■ **What is needed**
Transcribe the listing below verbatim, omitting pictures.

■ **Supplied data**
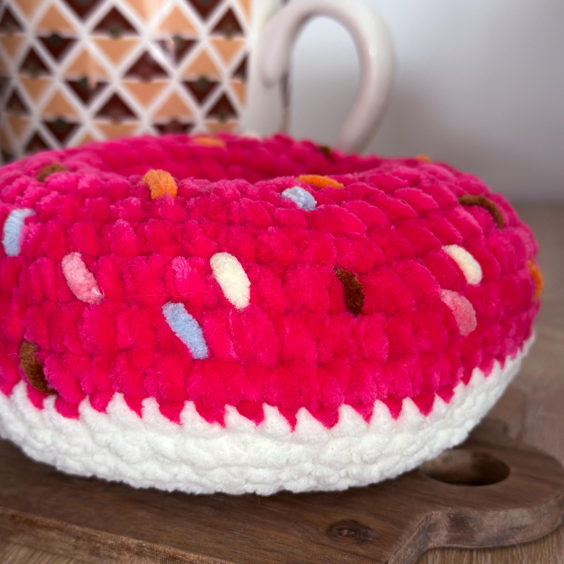 Une peluche donut moelleuse et gourmande, ornée d’un glaçage coloré et de petites paillettes sucrées. Parfaite pour ajouter une touche fun et appétissante à vos moments câlins ou à votre décoration !
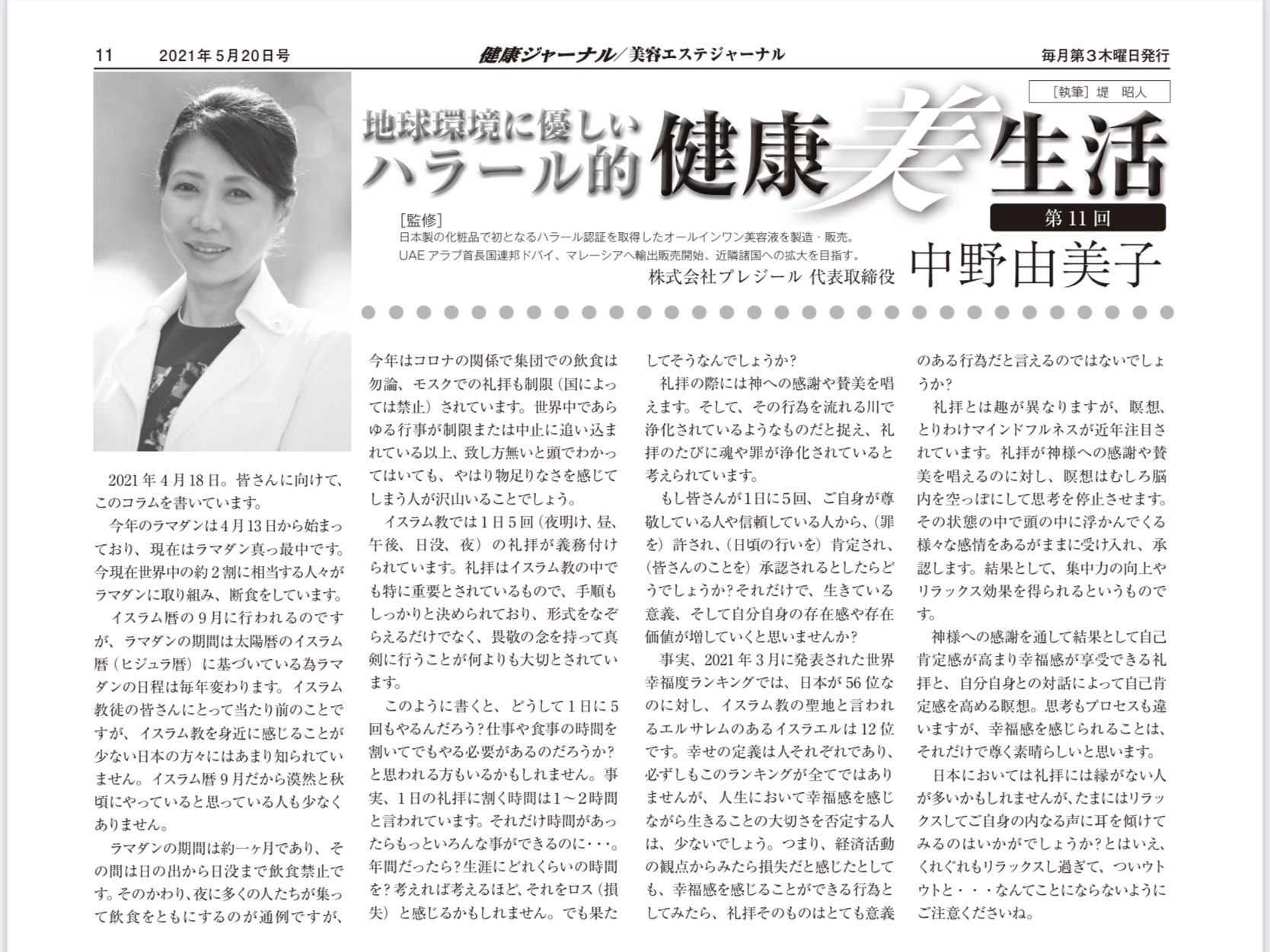 【健康/美容エステジャーナル】5/20号「地球環境に優しいハラール的健康美生活」第11回連載
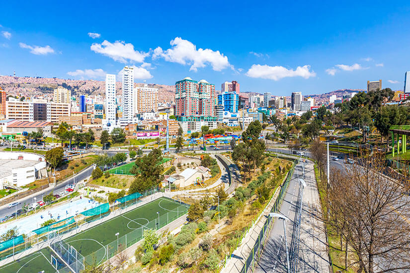 La Paz erreicht ihr am besten über den internationalen Flughafen El Alto, der mit 4.061 Metern einer der höchstgelegenen der Welt ist. Von Europa aus führt der Weg meist über Verbindungen via Lima, Bogotá oder Miami. Vom Flughafen gelangt ihr in rund 30 Minuten mit dem Taxi oder Shuttle ins Stadtzentrum – je nach Verkehr. Achtung: Direkt nach der Ankunft solltet ihr euch nicht überfordern. Höhenkrankheit ist beim ersten Besuch in La Paz keine Seltenheit.

■ **Result of the exercise**
 Une peluche donut moelleuse et gourmande, ornée d’un glaçage coloré et de petites paillettes sucrées. Parfaite pour ajouter une touche fun et appétissante à vos moments câlins ou à votre décoration !
 【健康/美容エステジャーナル】5/20号「地球環境に優しいハラール的健康美生活」第11回連載
 La Paz erreicht ihr am besten über den internationalen Flughafen El Alto, der mit 4.061 Metern einer der höchstgelegenen der Welt ist. Von Europa aus führt der Weg meist über Verbindungen via Lima, Bogotá oder Miami. Vom Flughafen gelangt ihr in rund 30 Minuten mit dem Taxi oder Shuttle ins Stadtzentrum – je nach Verkehr. Achtung: Direkt nach der Ankunft solltet ihr euch nicht überfordern. Höhenkrankheit ist beim ersten Besuch in La Paz keine Seltenheit.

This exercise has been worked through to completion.